Why won’t she let me give her my nights—even if only one night? It would grieve me if there was only one—but at least there would be the one.
I’ve never felt for another this desire to give, not take, pleasure. To give her my breasts that she stares at with such desire. I long to hold her slender body to mine, to love her body with mine . . .
There was an opportunity. I’d fallen asleep, and feeling her hand touch my hair I awakened; but she released the strands as if they burned her, and murmured an excuse, her face stricken. I gazed at her, reached to take her into my arms—but in a single instant she’d risen and was gone from me.
These past four days I’ve tormented her. Because she torments me. Because our time together is ending. And because I don’t understand why she won’t come to me. And I don’t know what else to do—only to make her want me more, to make her reach out for what I long to give—before she must send me away.
I’ve grown pitiless. As I dress her hair I caress her as lovingly as I dare. Always she sits with eyes closed, but now she sometimes catches her lower lip between her fine teeth as, supposedly to inspect my handiwork, I allow my fingers to stray over her throat before cupping her face. I clasp a slim shoulder lightly as I brush through her hair; trace her delicate ears with my fingertips as I shape her hair there; caress the soft nape of her neck; finally cup her beautiful face in both hands and gaze at her, yearning to draw her to me, to bring her lips to mine.
Pitiless, I’m pitiless. Tonight I played for her the composition I’ve worked on these past days—the tonalities of my love for her. I played from my depths, seeing in the sculpture her want of me, pouring out through my reed the love I can’t speak. Afterward she rose, her face averted from me, and murmuring something so faint I couldn’t hear, she walked from her house. After a time I searched for her at Damon Point but couldn’t find her. An hour later she returned and did not speak when she came in, but went to her chaise and only then asked wearily, “Do we have wine?”

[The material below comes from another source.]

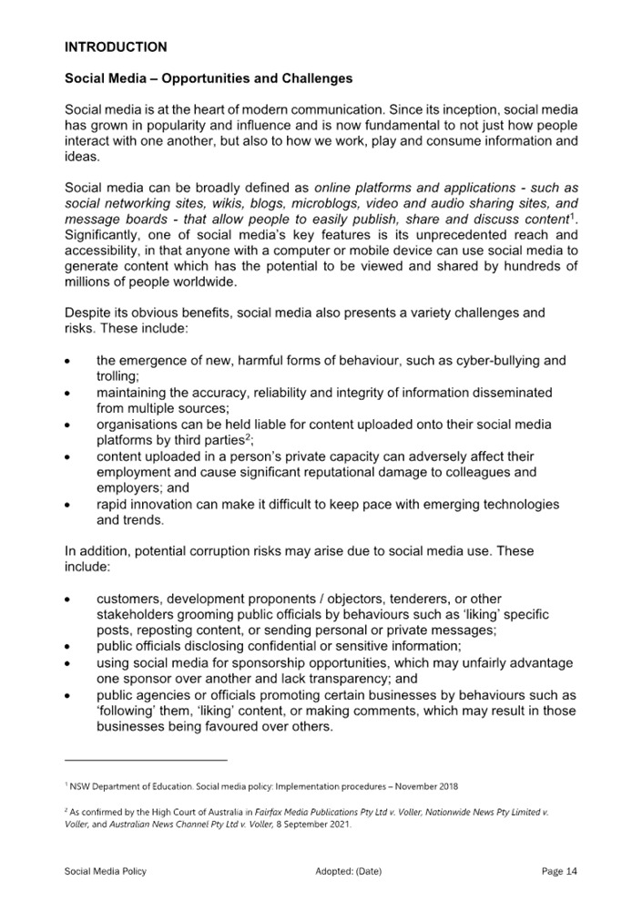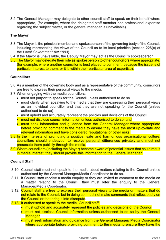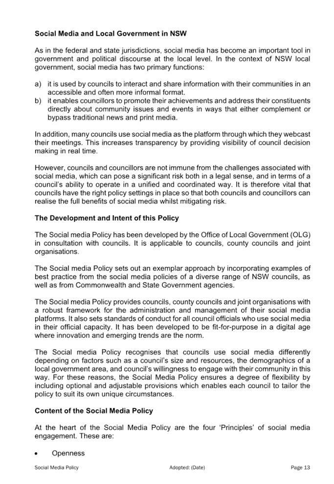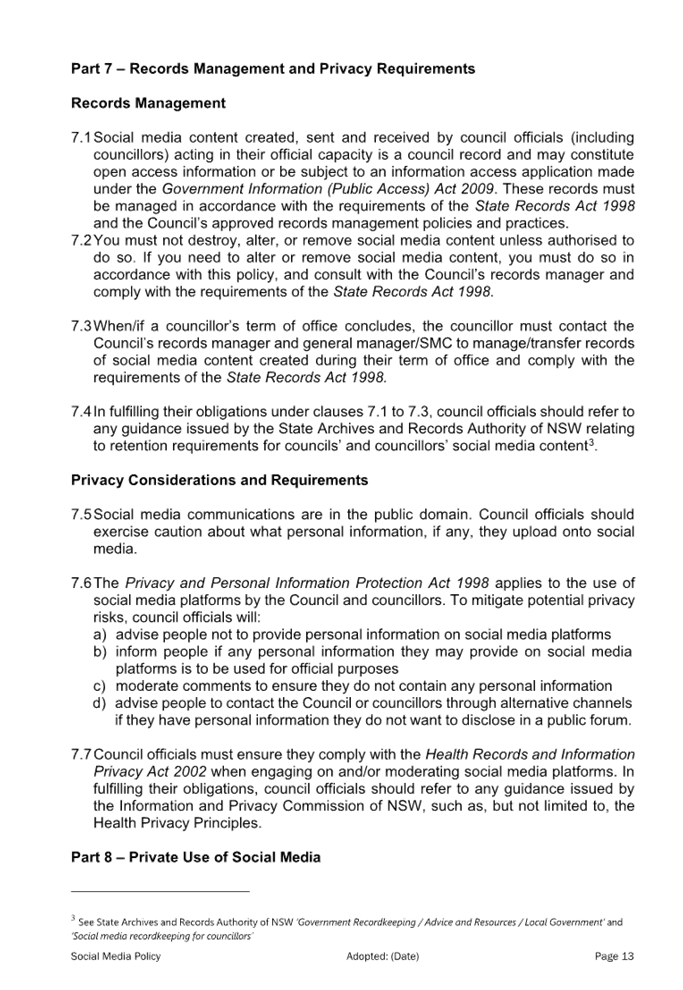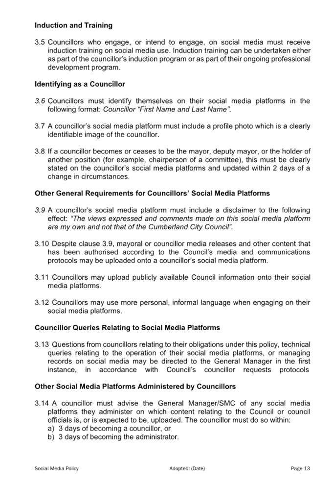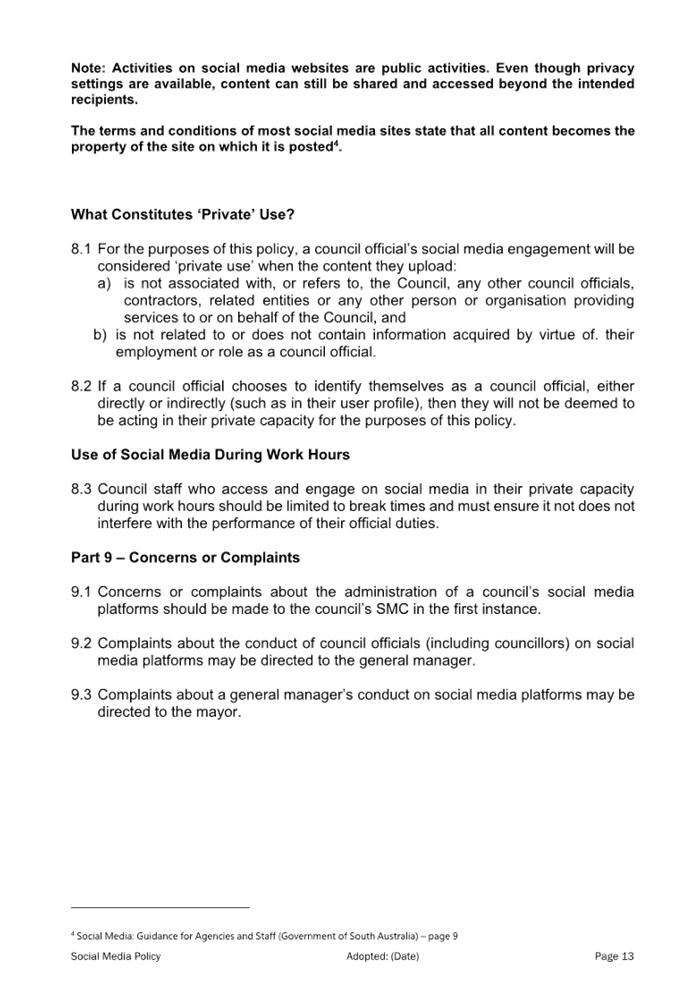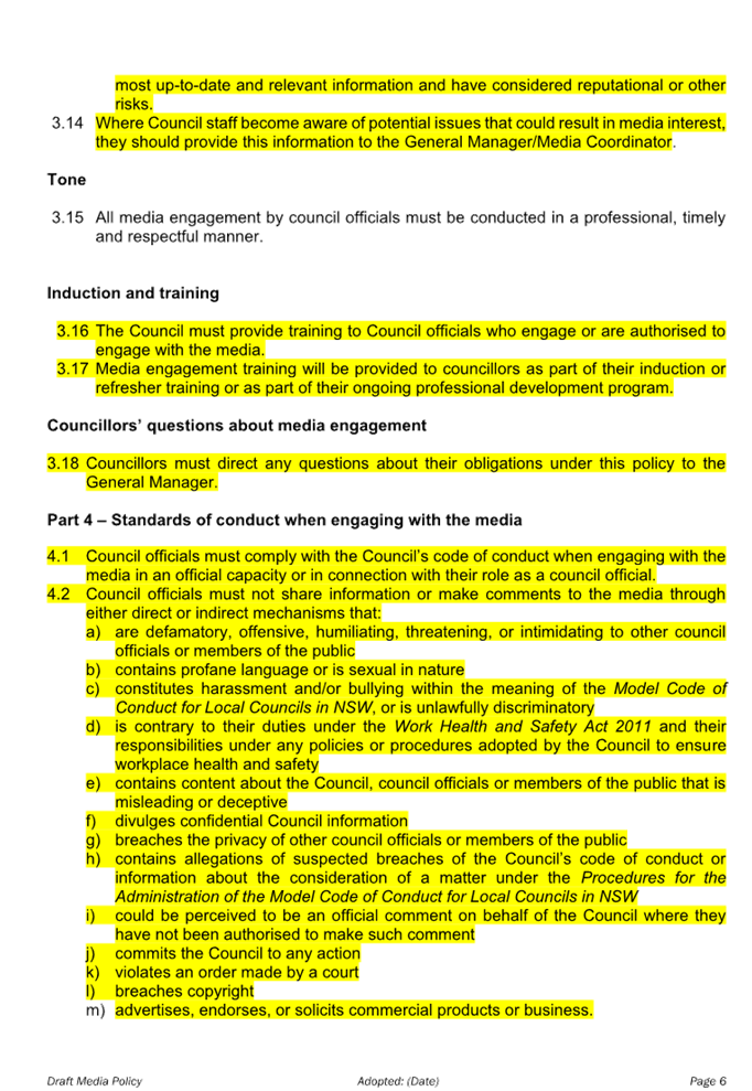 It should also be noted that Council also resolved to omit Clause 4.3(m) and remove the words ‘the Council or’ from Clause 5.4(e) from the Draft Social Media Policy (Min.298). Council subsequently received a Notice of Motion to alter the Council resolution at the Ordinary Meeting of Council held 21 December 2022, however, the Motion on being Put was lost.

On this, our last night, I would not take pity on her. I gave her wine and sat beside her and asked, “What you wear around your neck, may I see it?”
She reached, but I was too swift for her. My hand was inside her shirt. Slowly my fingers slid down and searched lingeringly, caressingly over small firm breasts and between . . .
With equal slowness, reluctantly, I drew out the object I sought, and then stared at a crystal stre
aked with coral and gold, and warm, warm from her skin.
“It is the first object I picked up when we landed,” she said huskily, her voice almost inaudible, her eyes closed. “Janel polished it and created this for me.”
“It’s truly beautiful,” I murmured, forgetting for a moment my purpose in seeking it.
“I give it to you.”
“No,” I exclaimed, astonished. “No, I—”
“Allow me the pleasure of giving it to you,” she said, reaching to take the chain over her head.
I stopped her hands. “You honor me,” I said, deeply moved. “But I could never accept anything with such meaning to the history of this world. Its value is inestimable. Please understand that I can’t accept it.”
She nodded, but as I took my hands away she clasped one, and traced a fingertip over the emerald ring I wore. “This also is rare. No such stone has yet been found on our world. The color green is a great rarity.”
“Yes.” I gazed into the eyes that matched my ring, that had so utterly bewitched me.
She looked at me with a childlike wistfulness that closed my throat with love. “I’m so tired,” she whispered.
Defeated. Defeated, I had no choice but to leave, and I was suddenly exhausted myself. I said as I rose, “Tomorrow, Megan
. . . the men return.”
“Yes,” she said, her voice a distant murmur.” A day of . . . decisions.”
lX
Journal of Lt. Laurel Meredith
2214.3.1
I was desolate with the knowledge that a short time earlier my shipmates had landed not far from here, and that Megan would now ask my decision and end our time together. But she was silent, her face closed, her thoughts distant from me as she unfolded the trays for our breakfast together.